А куда он исчез? Ждёте, я вам отвечу? Не отвечу. Не знаю. Только вижу порою такую картину: утро. Радость и свет. Он встаёт, надевает халат; саблю в ножнах — на бок — и готов уж идти — но сперва посмотрел на жену — как, наверно, всегда. Та спала. И небесным был лик. И внезапная мысль: „А зачем? Вот прекрасная женщина — но какое имеет она отношенье ко мне? Да, хорошая, любит меня. Ну и что? Мне какое до этого дело? И вообще, для чего это всё?“ Он снял саблю, взглянул… Самоцветы. Подарок раджи… Ну, блестят… Ну, полкняжества можно купить. Ну и что? И зачем этот суетный блеск?.. Он небрежно, со странной улыбкою выпустил саблю из рук. Уронил на ковёр. А ковёр мягкий, толстый — и не звякнул металл, и жена не проснулась… Халат. Драгоценная ткань так приятно лежит на плечах… С равнодушием скинул халат, не взглянул на упавшую вещь. Для чего? И какое имеет к нему отношение вещь — эта, та? Всё отбросив, пошёл. Не оглядываясь. Ибо оглядываться незачем. Он не бросает ничего, ибо всё, что оставил, не имеет к нему ни малейшего отношения. Потому что есть он — и есть мир. И меж ними нет грани. И уходит он в мир. И уходит нагой, как пришёл».
Я внимательно слушал его… Что-то в голосе было не так. Или, может, мне чудилось? Ощущалась какая-то зависть — словно он говорит о мечте — о заветной мечте, к выполненью которой не смог приступить. Не дерзнул. Не решился. И сказать вряд ли может кому — только так, описавши чужую судьбу. Но едва ли я прав… Генерал, кавалер ордена Британской Империи и других орденов — да и вид отнюдь не сентиментальный. А стихи писал — кто их в молодости не пишет?.. И уйти в мир нагим, как пришёл, — ну что за нелепость, что за дурной вкус — уж набедренную повязку хотя бы оставил! Ну, из уважения к генералу, я об этом — ни слова. Лишь спросил: а известно ль ему о дальнейшей судьбе друга?
«Нет, об этом не знаю. Он бесследно исчез. Да я, впрочем, нечасто о нём вспоминал. Он в последнее время отошёл от меня. Вскоре было восстание. Дальше — служба. Дел хватало. И, могу вас заверить — ответственных дел! Не до праздных раздумий. И лишь книга, порой попадавшая в руки — так, случайно, при переборке вещей — напоминала о нём. Правда, было два случая — через много уж лет после этих событий. Как-то раз, на не очень-то людной дороге, увидал на обочине труп. Нет, не в Англии — в Индии. Там подобным едва ли кого удивишь… Жалкий нищий в лохмотьях. Только что-то напомнил. Но что? И лишь вечером, лёжа в кровати, я, представьте, вскочил: этот нищий, причём омерзительный нищий! — вдруг напомнил его. Было сходство какое-то — да, едва уловимо — вряд ли, кроме меня, и заметил бы кто!.. Что б на это сказала жена?.. Да, я понял не сразу. Сходство… Вот представьте себе: микеланджеловский, скажем, Давид, Моисей — искажённый поганой гримасой сатира, что ещё омерзительней вдвое — из-за сходства с оригиналом. Так и здесь. Но решитесь ли вы, увидав искажённое временем, жизнью, людьми — а быть может, собой! — изваянье титана, утверждать: „Вот — Давид; Моисей!“? Вряд ли сходу решитесь, а особенно, если видели мельком. Не решитесь? И я не решусь… Но была ещё встреча. И опять на дороге. Я услышал, как группа крестьян обсуждает саньяси — так они называют ушедших от мира отшельников, местных святых.
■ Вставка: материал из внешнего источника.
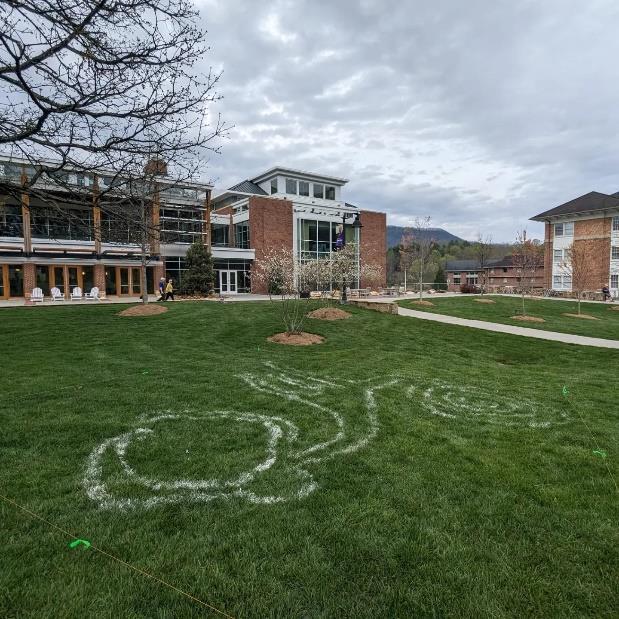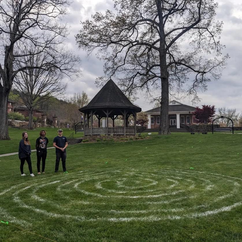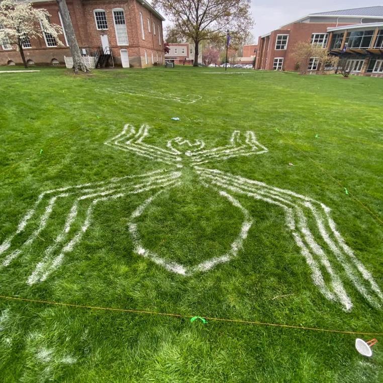 Students in Camden Goddard’s Sculpture class and Mary Brink’s Art Appreciation class were assigned to groups to study the ancient Nazca lines in Peru. They researched the history of the lines and their discovery, as well as the various methods scholars believe might have been used to create these lines. Finally, they tested out their hypotheses, using their selected techniques to recreate a specific design on the campus lawn.

Ну, пещера его была рядом. Отчего б не подъехать взглянуть? Не так часто встречаешь святых! Любопытно-таки!.. И увидел я: он!.. Нет, конечно, пред судом поручиться б не смог. Сколько лет пронеслось! Меня тоже, наверно, непросто узнать…
Тот сидел и молчал. На меня — и вообще ни на что — никакого вниманья. Но лицо! Это было лицо Человека. И не просто моего друга, но и автора строк, вдруг сверкнувших в мозгу через множество лет. Да, лицо — и такое, каким было задумано кем-то. Кем — не будем гадать… Всё, что лишне — исчезло. И остался лишь дух — мощный скульптор, творец и титан, беспощадным огнём и железным резцом формирующий облик — изнутри, из зияющих ям и незримых высот, с детских лет и до смерти. И я видел начало работы, а теперь увидал завершенье. Не лицо, а идею лица в совершенном, законченном виде.
Он, не он — я не знаю. Но надеюсь и верю, что он. И никогда в жизни я не видел ничего более возвышенного и благородного, чем в этой полутёмной пещере, окружённый оборванными туземцами».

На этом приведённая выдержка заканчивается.